▸ **Data excerpts**
■ ■ ■
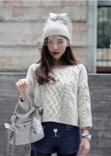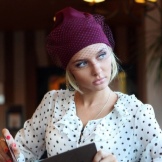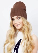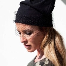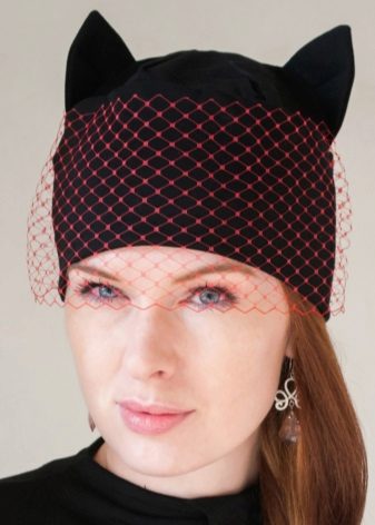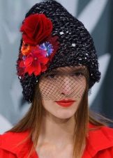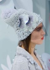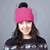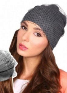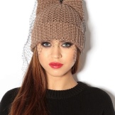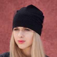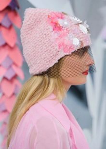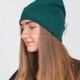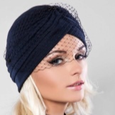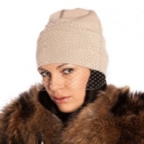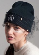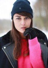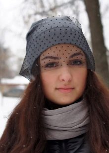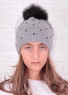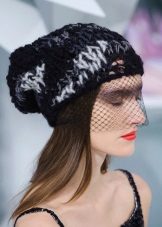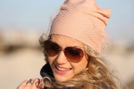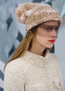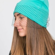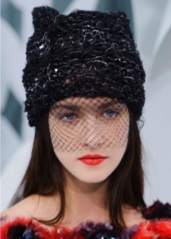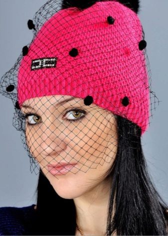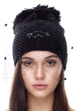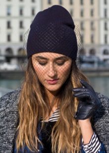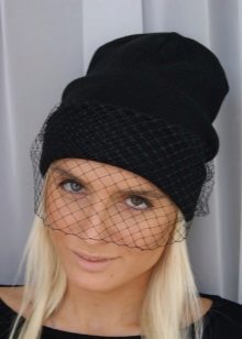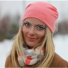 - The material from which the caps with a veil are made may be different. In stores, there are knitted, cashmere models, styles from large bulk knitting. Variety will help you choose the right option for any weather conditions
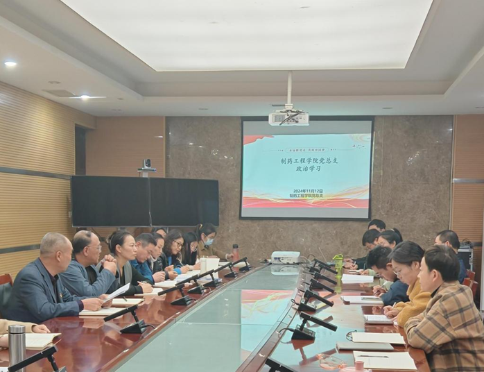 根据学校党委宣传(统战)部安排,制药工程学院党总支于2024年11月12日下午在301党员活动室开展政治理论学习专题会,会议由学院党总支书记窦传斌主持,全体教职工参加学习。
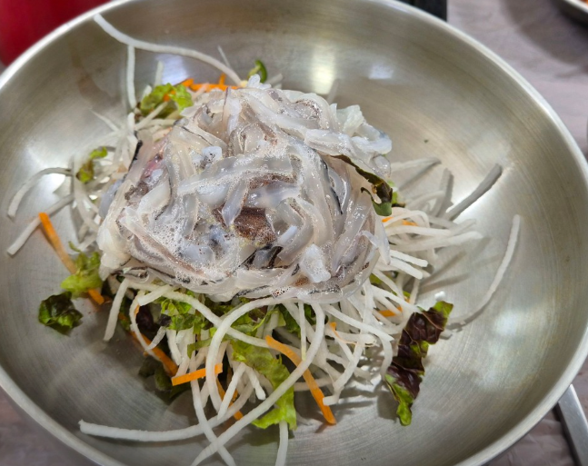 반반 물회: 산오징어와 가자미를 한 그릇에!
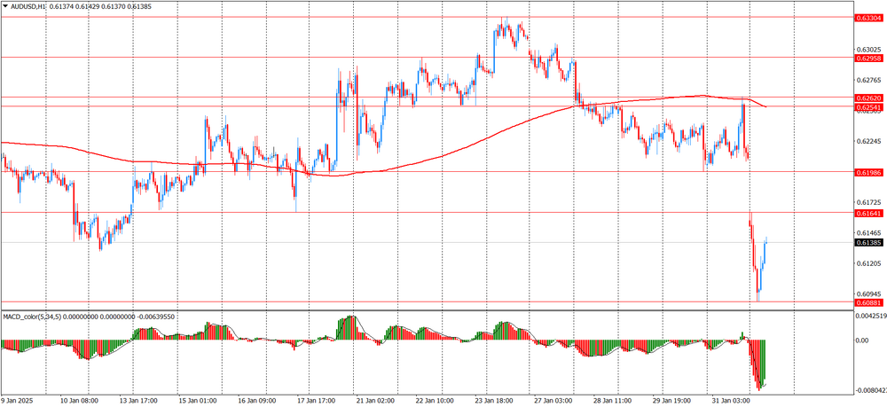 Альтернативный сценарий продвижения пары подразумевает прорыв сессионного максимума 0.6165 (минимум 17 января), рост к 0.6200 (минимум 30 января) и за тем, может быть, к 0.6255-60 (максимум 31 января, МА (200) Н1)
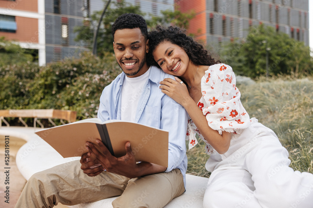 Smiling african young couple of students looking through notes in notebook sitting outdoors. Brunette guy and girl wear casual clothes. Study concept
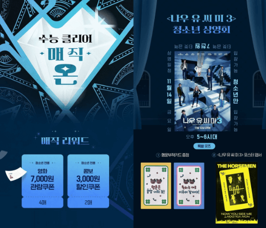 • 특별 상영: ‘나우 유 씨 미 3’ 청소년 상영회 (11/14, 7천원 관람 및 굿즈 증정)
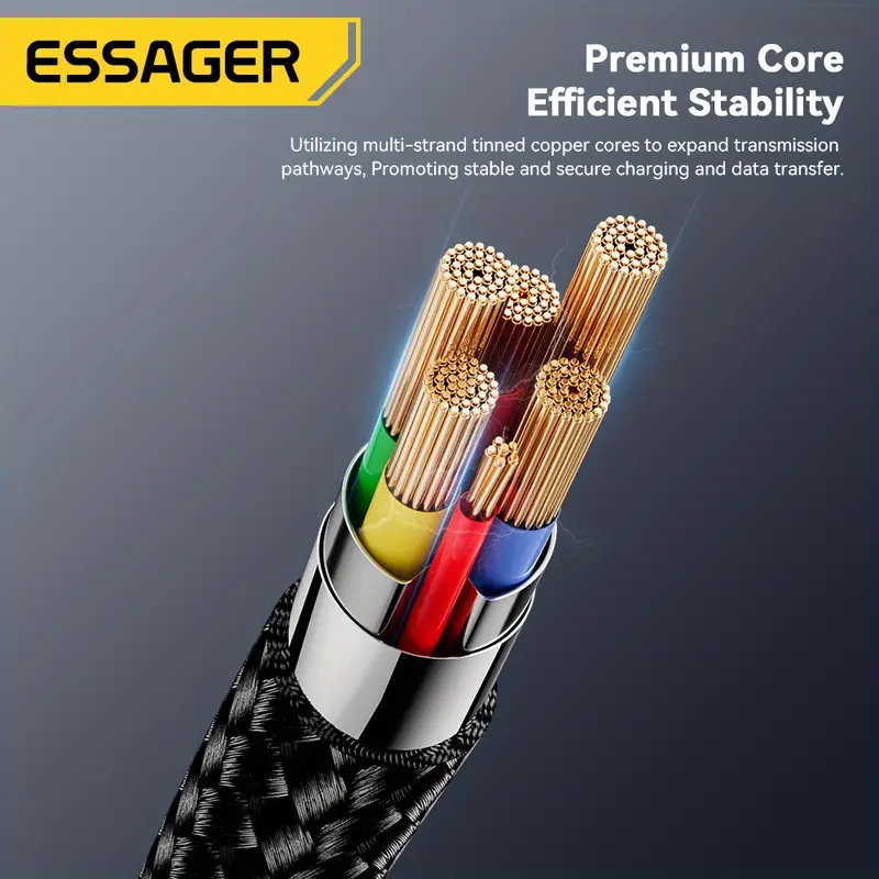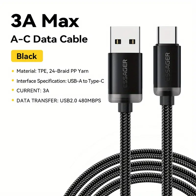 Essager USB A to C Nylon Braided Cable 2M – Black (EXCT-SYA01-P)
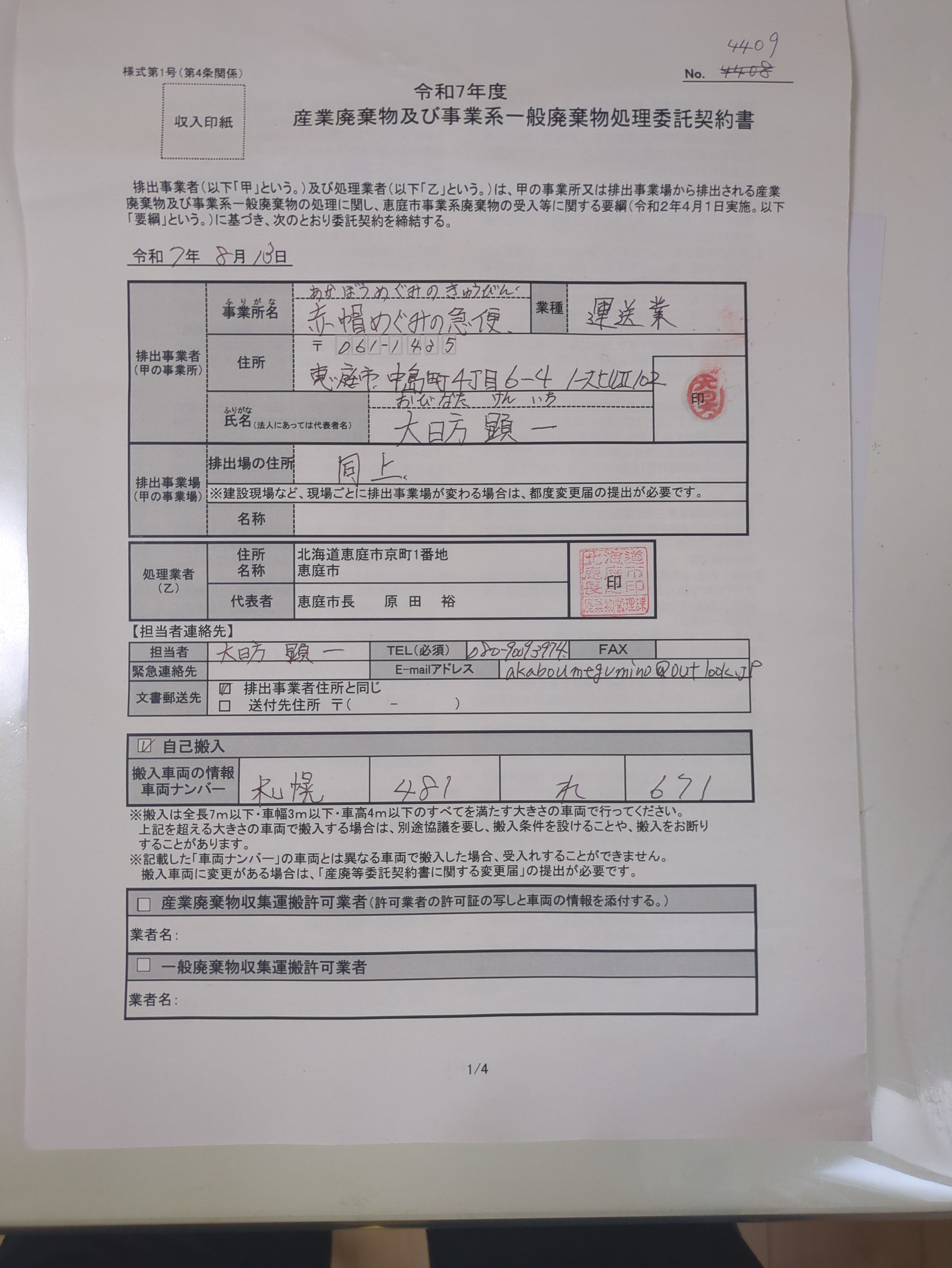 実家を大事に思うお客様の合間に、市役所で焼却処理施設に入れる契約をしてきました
■ ■ ■
▸ **WHAT THE EXERCISE ASKS**
Only an exact copy of the lines from the top of the entries through the line with "관람 및 굿즈 증정)", both included, should be given, with all pictures omitted.

▸ **SOLVED PROBLEM**
 - The material from which the caps with a veil are made may be different. In stores, there are knitted, cashmere models, styles from large bulk knitting. Variety will help you choose the right option for any weather conditions
 根据学校党委宣传(统战)部安排,制药工程学院党总支于2024年11月12日下午在301党员活动室开展政治理论学习专题会,会议由学院党总支书记窦传斌主持,全体教职工参加学习。
 반반 물회: 산오징어와 가자미를 한 그릇에!
 Альтернативный сценарий продвижения пары подразумевает прорыв сессионного максимума 0.6165 (минимум 17 января), рост к 0.6200 (минимум 30 января) и за тем, может быть, к 0.6255-60 (максимум 31 января, МА (200) Н1)
 Smiling african young couple of students looking through notes in notebook sitting outdoors. Brunette guy and girl wear casual clothes. Study concept
 • 특별 상영: ‘나우 유 씨 미 3’ 청소년 상영회 (11/14, 7천원 관람 및 굿즈 증정)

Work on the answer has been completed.